##### Provided entries

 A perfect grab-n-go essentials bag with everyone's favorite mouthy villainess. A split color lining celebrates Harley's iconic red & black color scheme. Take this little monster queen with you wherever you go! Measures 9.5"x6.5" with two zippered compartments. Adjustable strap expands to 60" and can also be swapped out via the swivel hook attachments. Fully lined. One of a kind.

##########
##### Provided entries

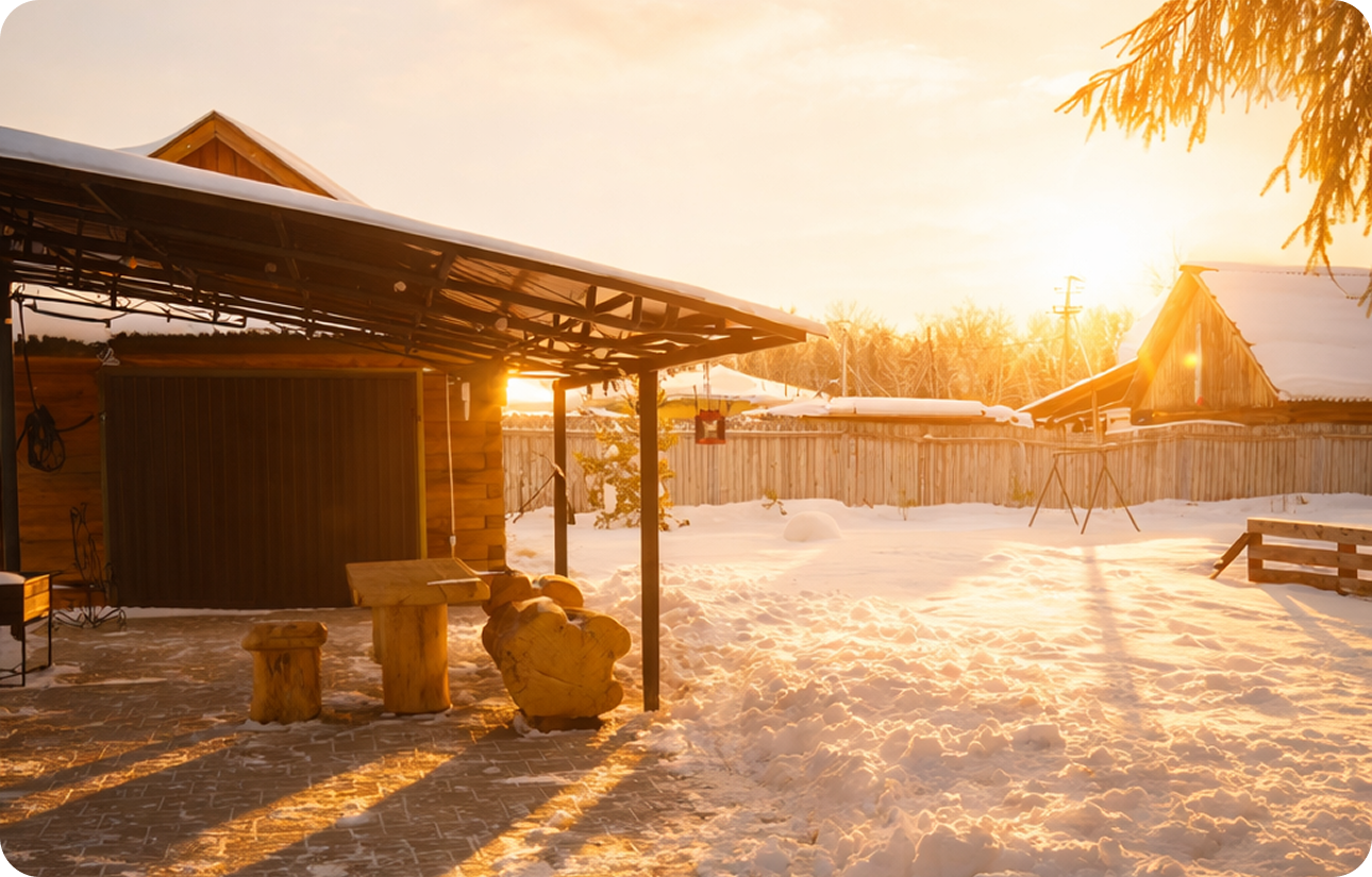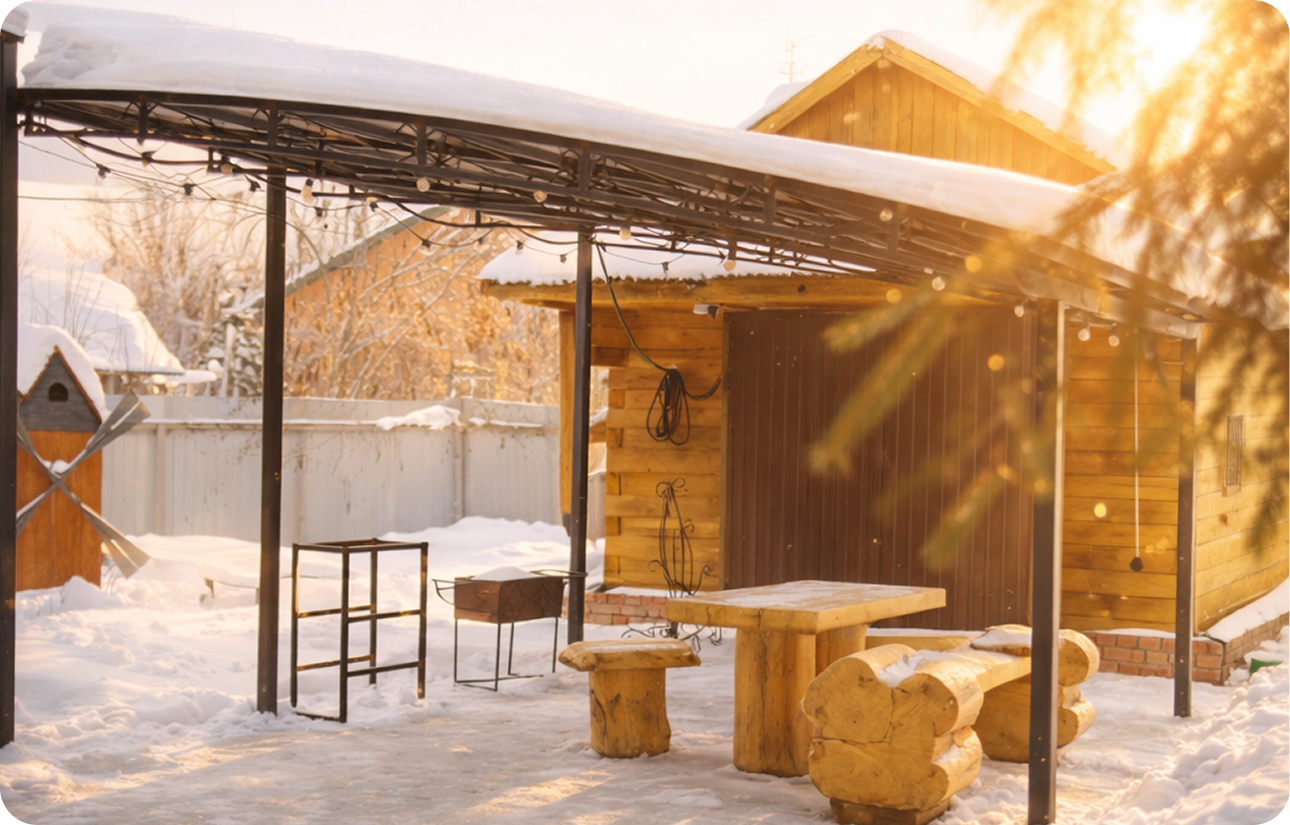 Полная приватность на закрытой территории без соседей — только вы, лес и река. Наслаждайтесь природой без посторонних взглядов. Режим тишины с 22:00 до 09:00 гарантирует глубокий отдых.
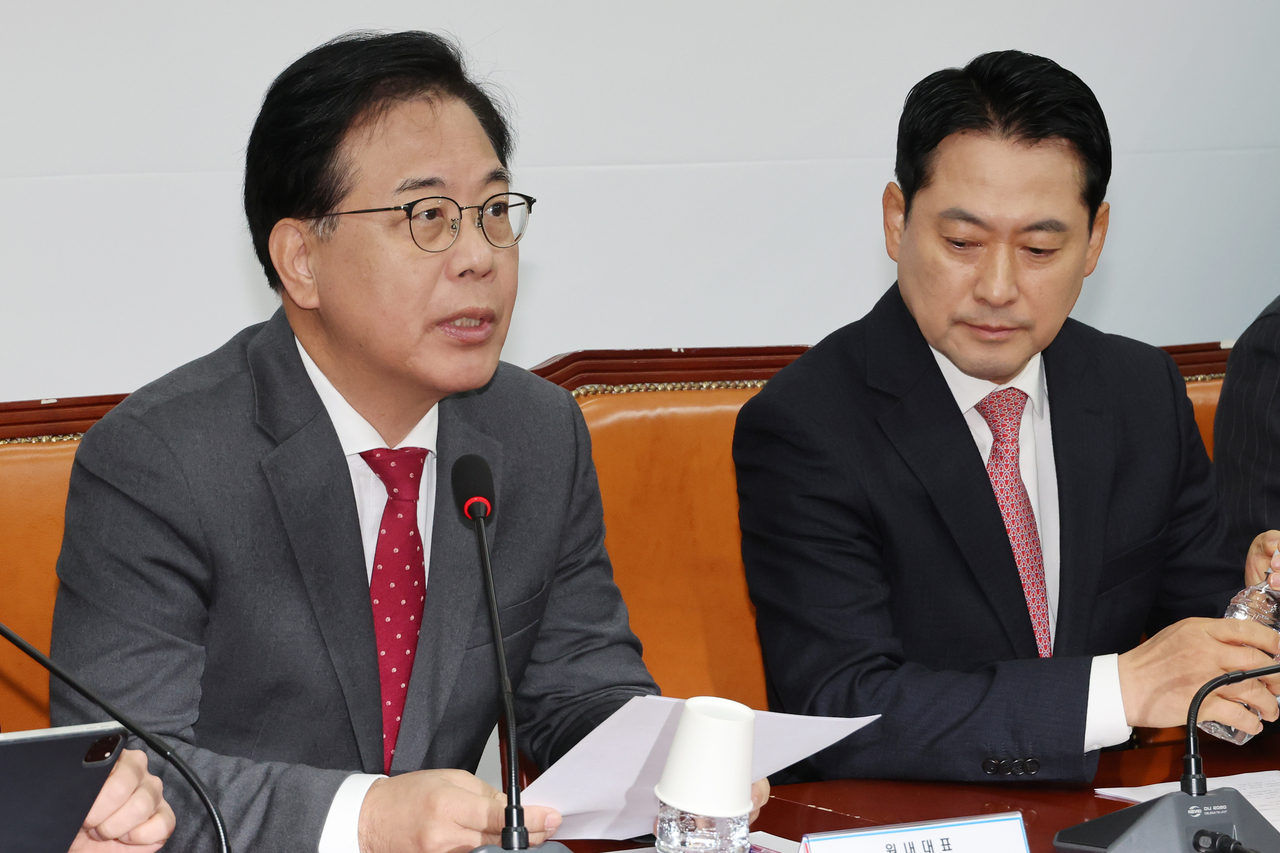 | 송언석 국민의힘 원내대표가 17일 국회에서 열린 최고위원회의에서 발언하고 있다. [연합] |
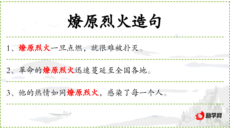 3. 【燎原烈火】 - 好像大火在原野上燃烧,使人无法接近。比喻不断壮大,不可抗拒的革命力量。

##########
##### Provided entries

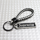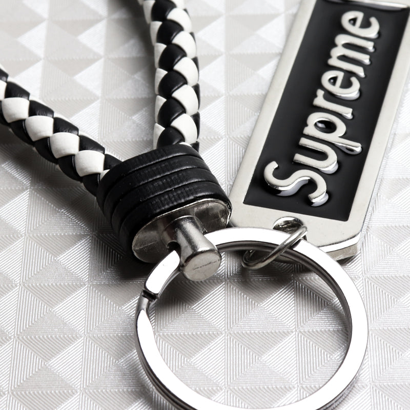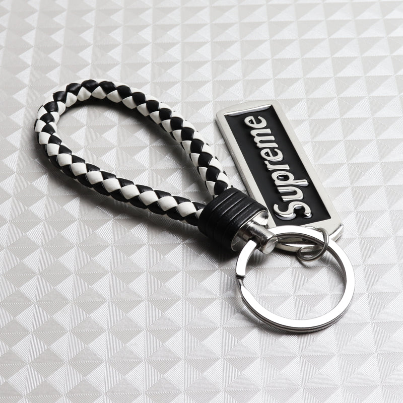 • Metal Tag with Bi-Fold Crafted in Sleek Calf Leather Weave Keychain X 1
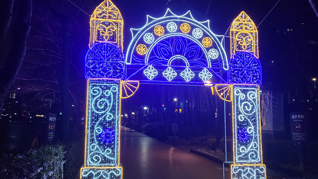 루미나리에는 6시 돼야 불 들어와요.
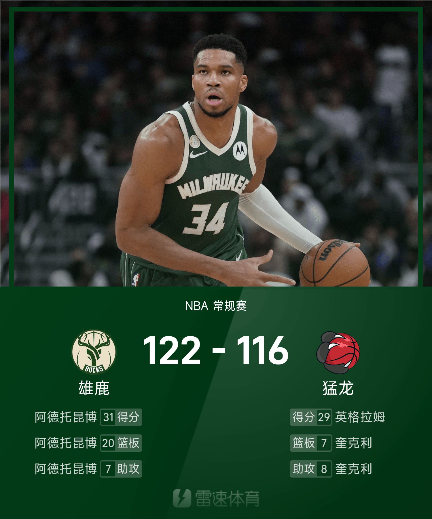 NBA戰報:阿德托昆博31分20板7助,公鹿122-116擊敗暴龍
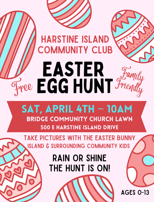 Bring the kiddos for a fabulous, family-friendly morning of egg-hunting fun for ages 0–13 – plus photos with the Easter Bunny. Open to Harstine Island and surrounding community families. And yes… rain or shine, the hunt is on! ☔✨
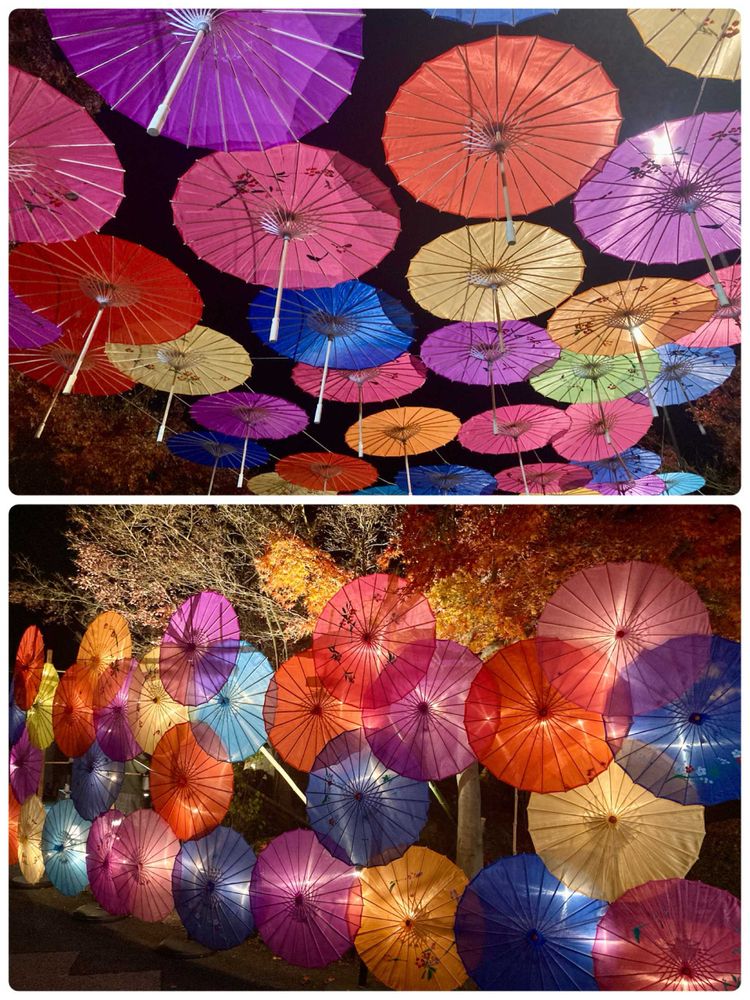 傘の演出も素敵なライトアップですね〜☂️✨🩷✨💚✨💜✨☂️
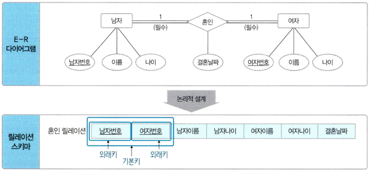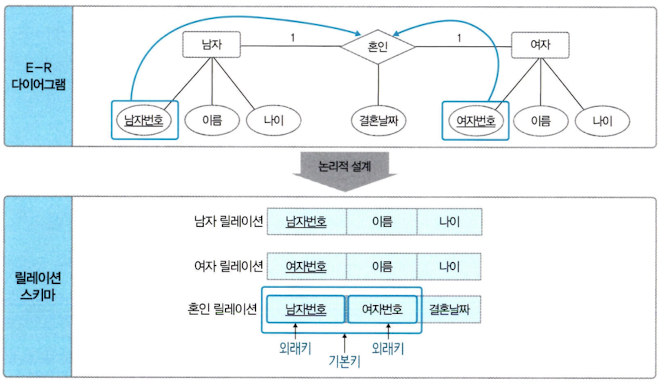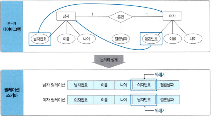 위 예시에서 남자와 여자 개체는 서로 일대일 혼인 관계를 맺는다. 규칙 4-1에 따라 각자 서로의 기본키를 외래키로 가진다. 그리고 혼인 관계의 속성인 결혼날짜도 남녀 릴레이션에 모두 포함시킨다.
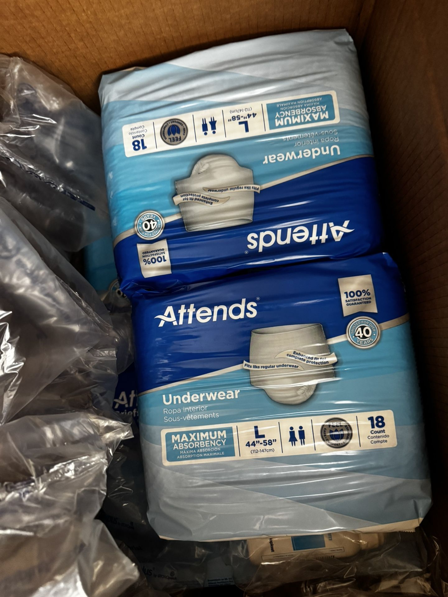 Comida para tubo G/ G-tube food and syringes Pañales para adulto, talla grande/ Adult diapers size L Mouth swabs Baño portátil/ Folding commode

##########

Problem description
Reproduce exactly the lines above starting at the line containing "발언하고 있다. [연합] |" and ending at the line containing "3. 【燎原烈火】 - 好像大火在原野上燃烧,使人无法接近。比喻不断壮大,不可抗拒的革命力量。", including both, but not the pictures.

Response below
 | 송언석 국민의힘 원내대표가 17일 국회에서 열린 최고위원회의에서 발언하고 있다. [연합] |
 3. 【燎原烈火】 - 好像大火在原野上燃烧,使人无法接近。比喻不断壮大,不可抗拒的革命力量。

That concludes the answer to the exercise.